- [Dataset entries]

== Segment start ==

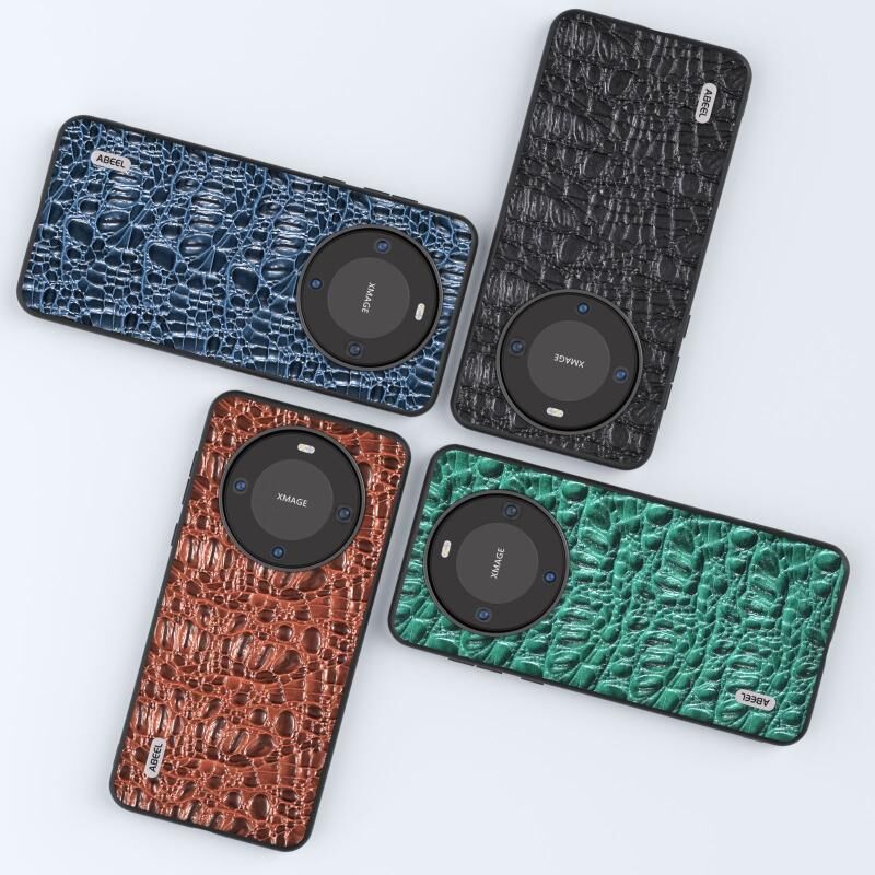 Θήκη τηλεφώνου Huawei Mate 60 ABEEL από γνήσιο δέρμα Sky Series Μαύρο περίγραμμα (πράσινο)
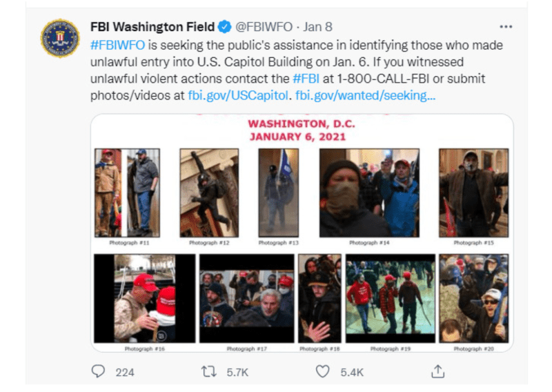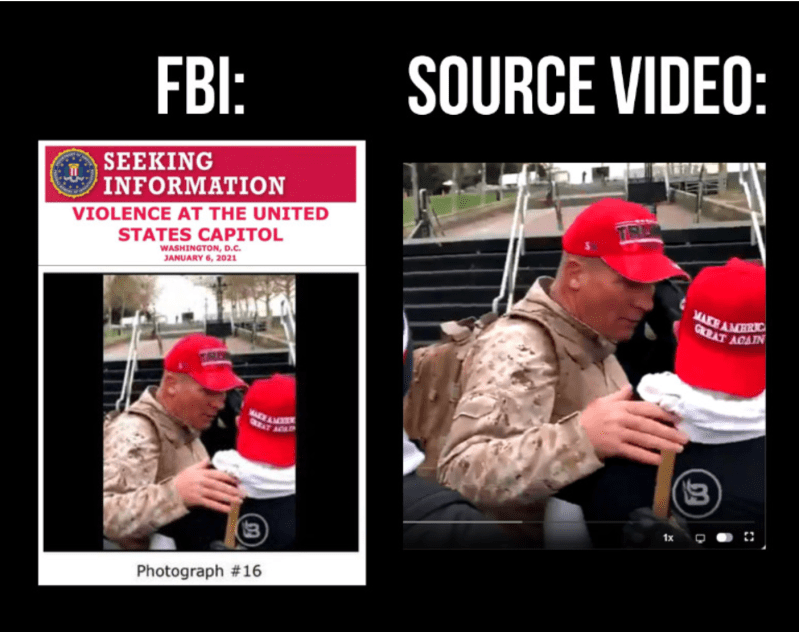 By January 8, the FBI Capitol Violence Most Wanted List featured a big fat friendly face shot of Ray Epps. The FBI’s Washington Field Office, in a tweet the same day, called for the public’s help in identifying Epps. Epps, dressed in full camo with a bright red “Trump” hat, is the FBI’s “Suspect 16” in the bottom-left quadrant of both images reproduced below:
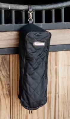 Kentucky Horsewear Bridle Bag tilbyr beskyttelse til hodelaget ditt under transport, på stevner eller hjemme. Bridle Bag har kunstig kaninpels på innsiden for å unngå riper på skinnet. Den har en krok på innsiden for enkel festing av bittet ditt. Navneskiltet på forsiden kan snus for å personaliseres. Bridle Bag kan festes til hva som helst takket være kroken og ringen på toppen. Den har den samme diamantquiltingen som vår stallsett (gardin, vakt, hodebeskytter) og tepper! Derfor kompletterer denne Bridle Bag Kentucky-showlooken. Den kan vaskes i maskin på 30 °C, uten tørketrommel.
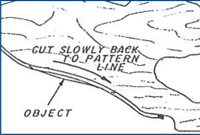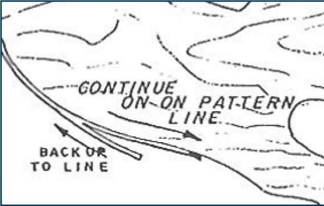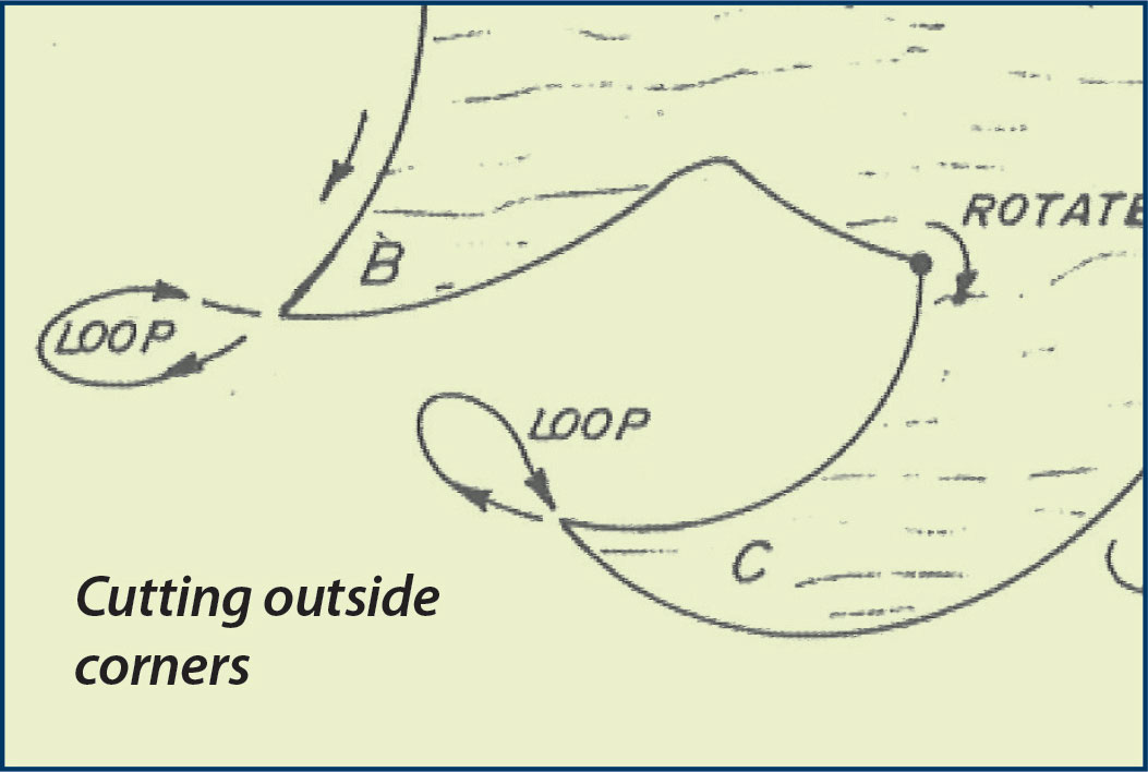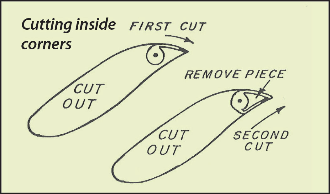 • Cutting away from the line into the waste: Back the blade to the place where it left the line and continue forward on the line.
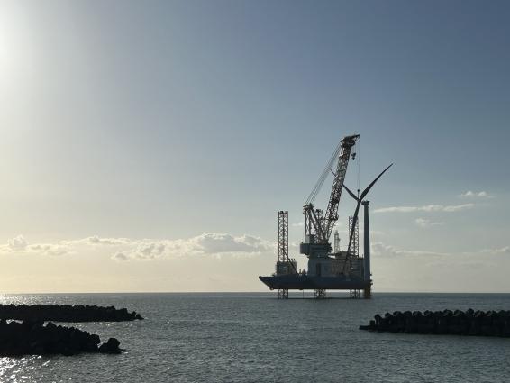 令和5年4月3日から入善町横山の沖合で始まった、世界最大級の自航式SEP船による洋上風力発電施設の建設工事が令和5年6月4日に完了しました。※風車の運転開始は令和5年9月予定
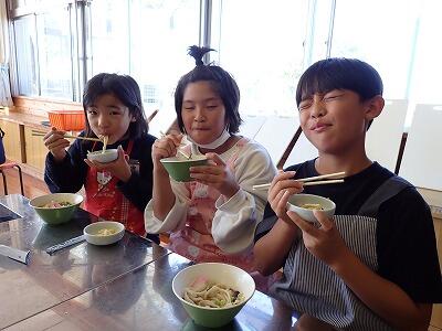 ひと昔前は、シイラを別名「猫またぎ」と呼んだそうです。なぜ「猫またぎ」かというと、『たくさんとれすぎて珍しくもないので、魚好きな猫さえも食べ飽きて見向きもせず、またいで通る』からきているそうです。しかし、近年では気候変動により海流が変化し、シイラの水揚げ量がぐんと減少し、シイラも珍しい魚になってしまいました。川南町の特産品「浜うどん」を味わいながら、環境問題や地域の伝統について考えました。
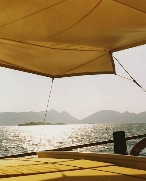 Au programme - Kekova, ville engloutie, en goélette privée. C’est un skipper anglophone qui mène la goélette turque. Cap sur l’île de Kekova dans la baie du même nom. On y approche les vestiges d’une antique cité lycienne, puis byzantine, en partie engloutie, Apollonia. L’effet est tout à fait curieux de ce site urbain qui semble glisser sous la surface de l’eau. Les parages sont aussi les seuls où observer des poissons volants sur cette côte. La navigation se poursuit, tranquille, plaisante. Ici, on pique une tête afin de se rafraîchir. Là, on recommence. Un déjeuner de mezzés et brochettes est pris à bord. Ensuite, ce sont la forteresse byzantine de Kaleköy ; la baie d’Inönü, en forme d’entonnoir ; les tombes lyciennes de Simena ; celles d’Aperlae, qui produisit longtemps de la pourpre impériale à partir du murex tinctorial.

== Segment end ==

- [TASK DETAILS]
Write out the lines that run from the line containing "ひと昔前は、シイラを別名「猫" to the end of the entries, inclusive, exactly as written. Skip every picture.

- [TASK RESPONSE]
 ひと昔前は、シイラを別名「猫またぎ」と呼んだそうです。なぜ「猫またぎ」かというと、『たくさんとれすぎて珍しくもないので、魚好きな猫さえも食べ飽きて見向きもせず、またいで通る』からきているそうです。しかし、近年では気候変動により海流が変化し、シイラの水揚げ量がぐんと減少し、シイラも珍しい魚になってしまいました。川南町の特産品「浜うどん」を味わいながら、環境問題や地域の伝統について考えました。
 Au programme - Kekova, ville engloutie, en goélette privée. C’est un skipper anglophone qui mène la goélette turque. Cap sur l’île de Kekova dans la baie du même nom. On y approche les vestiges d’une antique cité lycienne, puis byzantine, en partie engloutie, Apollonia. L’effet est tout à fait curieux de ce site urbain qui semble glisser sous la surface de l’eau. Les parages sont aussi les seuls où observer des poissons volants sur cette côte. La navigation se poursuit, tranquille, plaisante. Ici, on pique une tête afin de se rafraîchir. Là, on recommence. Un déjeuner de mezzés et brochettes est pris à bord. Ensuite, ce sont la forteresse byzantine de Kaleköy ; la baie d’Inönü, en forme d’entonnoir ; les tombes lyciennes de Simena ; celles d’Aperlae, qui produisit longtemps de la pourpre impériale à partir du murex tinctorial.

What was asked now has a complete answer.